Erosion Control with Vetiver Hedges

Why a living vetiver hedge outperforms silt fences, hay bales, and most engineered solutions — and how to plant one.

A vetiver hedge slowing runoff and building a natural terrace on a slope.

The problem with conventional erosion control

Silt fences fail. Hay bales rot. Riprap is expensive and ugly. Even a well-designed swale eventually fills in.

A vetiver hedge does something different: it gets better every year.

How it works

Vetiver planted close together — about 8 inches on center — forms a dense barrier of stiff, upright stems at ground level. When water runs downhill into the hedge:

  1. The stems slow the water down.
  2. Sediment drops out and accumulates on the uphill side.
  3. The water filters through the hedge cleanly.

Over a few seasons, the accumulated sediment behind the hedge becomes a natural terrace. Your slope literally rebuilds itself.

Where it works

  • Roadside cuts and embankments
  • Stream banks and pond edges
  • Construction sites (especially long-term restoration)
  • Pasture contour lines on rolling land
  • Backyard slopes you're tired of mowing

What it costs

A single row of vetiver covers about 1.25 linear feet per slip. For 100 feet of hedge, you need roughly 100–125 slips — a one-time cost that replaces years of recurring silt-fence repairs.

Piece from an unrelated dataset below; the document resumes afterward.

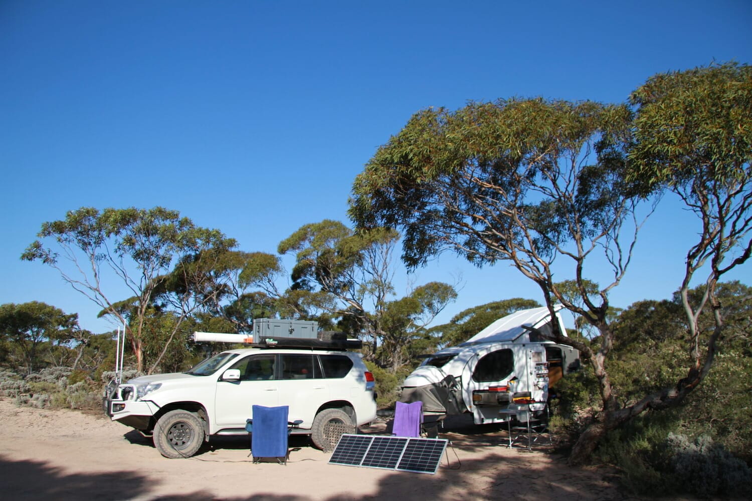 It’s called Rest Area 222km Peg, has 4 stars on WikiCamps and there are many tracks leading into the bush to tuck in to so we drove out the back onto a relatively flat sandy patch. You can just see the large sand dunes on the Great Australian Bight in the distance about 20Km away. Only a caravan and another car pulled in later near the entrance.

For large projects, our wholesale page lists bulk pricing.

Further reading

The Vetiver Network International (TVN) maintains the global archive of vetiver-system case studies, engineering specs, and research from agencies and universities on six continents — the deepest free resource on the technique anywhere.

Free download

Free Vetiver Planting Guide for Zones 8–11

Spacing, timing, watering, year-by-year expectations, and the four things that actually go wrong — written by the people who grow it.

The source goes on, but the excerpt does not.